4

I'm trying to get page source code using Selenium, the code is general SOP. it worked out for Baidu.com and example.com. but when it comes to the URL i actually need,I got empty page.and the source code show nothing but empty tags like the following code. is there anything I missing?

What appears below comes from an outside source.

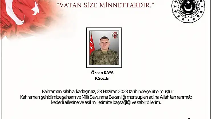 "Pençe operasyonu bölgesinde 15 Haziran'da teröristlerce yapılan taciz atışı sonucunda yaralanarak hastaneye sevk edilen kahraman silah arkadaşımız Piyade Sözleşmeli Er Özcan Kaya, tedavi gördüğü hastanede yapılan tüm müdahalelere rağmen kurtarılamayarak bugün şehit olmuştur.

I tried to add up some more params of options, but it doesn't seem helpful

WebDriver driver;

    System.setProperty("webdriver.chrome.driver", "E:\\applications\\ChromeDriver\\chromedriver_win32 (2)//chromedriver.exe");

    // 实例化一个WebDriver的对象    作用:启动谷歌浏览器
    driver = new ChromeDriver();

    driver.manage().timeouts().implicitlyWait(2, TimeUnit.SECONDS);

    driver.get("http://rd.huangpuqu.sh.cn/website/html/shprd/shprd_tpxw/List/list_0.htm");
    String pageSource = driver.getPageSource();
    String title = driver.getTitle();
    System.out.println("==========="+title+"==============");
    System.out.println(Jsoup.parse(pageSource)); 

I expect the parsed page source of the URL so that I can get the info I need. but I'm stuck in here.

HneryInSH
  • 63
  • 1
  • 6

2 Answers2

5

I could reproduce the issue with this website when using ChromeDriver. What I found is that there is a JS detecting that you are using ChromeDriver and blocks the request to the web page with 400 HTTP error code:

enter image description here

Now, Firefox is working as expected with the following code:

    FirefoxDriver driver = new FirefoxDriver();

    driver.get("http://rd.huangpuqu.sh.cn/website/html/shprd/shprd_tpxw/List/list_0.htm");
    Thread.sleep(5000);
    String pageSource = driver.getPageSource();
    String title = driver.getTitle();
    System.out.println("==========="+title+"==============");
    System.out.println(Jsoup.parse(pageSource));

    driver.quit();

I used just a sleep for 5 seconds which worked. The best practice is to wait for a specific element in your page, check this for reference - How to wait until an element is present in Selenium?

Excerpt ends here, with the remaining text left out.